April 21, 2019, we found out that I had cirrhosis of the liver. It was Easter Sunday.
We were having our families Easter celebration the day before and I just wasn’t feeling right. I felt bloated in my belly and my legs were swollen. I stayed home for most of the celebration but my wife did end up bringing me up there to eat lunch. I didn’t eat much so I knew I really wasn’t feeling that great. My wife ended up taking me back to my mother in laws and I said after our Easter celebration was over and I took the girls home, I wanted to go to the ER.
When I ask to go to the ER, you know something is not right.

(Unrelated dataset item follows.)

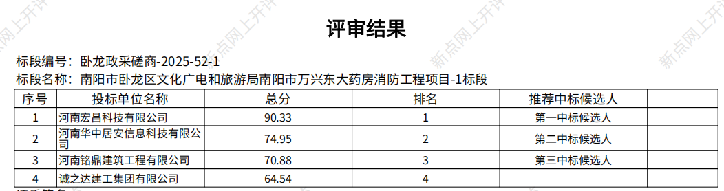 南阳市卧龙区文化广电和旅游局南阳市万兴东大药房消防工程项目-成交公告

We went to Baylor in Sunnyvale, TX around 10:30 pm that night. I initially told the doctors that I thought that I might have strep because my throat was sore and I was having a hard time breathing. Boy was I in for a surprise!! They took a lot of blood and I ended up going down for a sonogram. At about 5:30 am, Easter morning, the doctor came in and said that I had cirrhosis of the liver.
What? But I don’t drink. I mean I have like 3 – 4 drinks a YEAR but that shouldn’t cause this. That can’t be right. This can’t be happening. They told us that I would have to be admitted because I had a lot of fluid buildup in my abdomen and that is what was causing the swelling and the breathing difficulties. Everything went from slow as molasses to lighting speed (at least in my mind). Is there a cure? What needs to be done to correct this? What could have caused this?

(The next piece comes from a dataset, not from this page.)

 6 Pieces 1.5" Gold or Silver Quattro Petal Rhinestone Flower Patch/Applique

They admitted me and I had 8 liters of fluid taken off of my abdomen. I had more but they didn’t want to take it all because it could be bad and cause issues. I was in the hospital till Wednesday and then I got to come home. And from there my liver journey truly started.

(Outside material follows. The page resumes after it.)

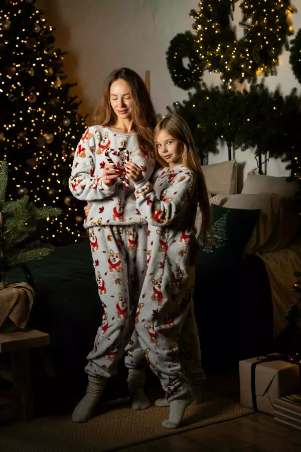 Піжамний костюм із м’якого велсофту з милим принтом коргі створений для максимального комфорту та затишку. Комплект складається зі світшота вільного крою та штанів на резинці з манжетами. Манжети на рукавах і штанах, а також комір світшота виконані у червоному кольорі, що додає яскравих акцентів до образу. Теплий і приємний до тіла матеріал добре зберігає форму, не викликає подразнення та легко переться. Сірий колір із веселим малюнком собачок у шарфиках і осіннього листя створює затишну атмосферу для відпочинку вдома чи прохолодних вечорів

I found out so much over the last year. And to be honest the journey went in a direction that I eventually thought that it would go in, but I thought that it would be years away instead of 8 months. My doctor’s suggested that I go in for the TIPS procedure. This was to help with my fluid buildup. It was scheduled for November 20th. After the procedure things went wrong fast. I was part of the 1% that TIPS does not work for and it caused my liver to go into failure. Two days later, I had a bad episode of HE (Hepatic Encephalopathy), and was put on the transplant list on December 1st. On Thursday, December 5th, they came into my room and told me they may have a liver, but it was considered high risk. My wife asked what that meant, and the Dr told her they it had been exposed to Hep B but it didn’t have it. Around noon, they came back in and said that it was a viable liver and started to prep me for surgery. At 5pm, that evening, they started the transplant surgery, it lasted til 1am the next morning. I stayed out of it until around December 20th when I started to become lucid and remember things. That Christmas, I spent in the hospital, but was lucky to spend it with my son, three daughters and my wife. My wife never left my side during my entire stay in the hospital. I can’t tell you the gratitude I want to give to the donor family. If it wasn’t for my liver donor, I wouldn’t be able to be here today, so we are trying to not take anything for granted, also I get to spend more time with my son, who we had just adopted last October.
I am thankful that so far everything is going good but we know that it can change in a heartbeat, November 20th proved that to us. Thank you all for your continued prayers and support for me. I just wanted to let you all know how this started. I didn’t tell a lot of people about it but it’s time to share because maybe something that you read will prompt you to go and get yourself checked out. I had been told over the last several years that I had a fatty liver but it was always followed with “but just watch your diet and you will be ok” and you see where I ended up. Take care of yourselves.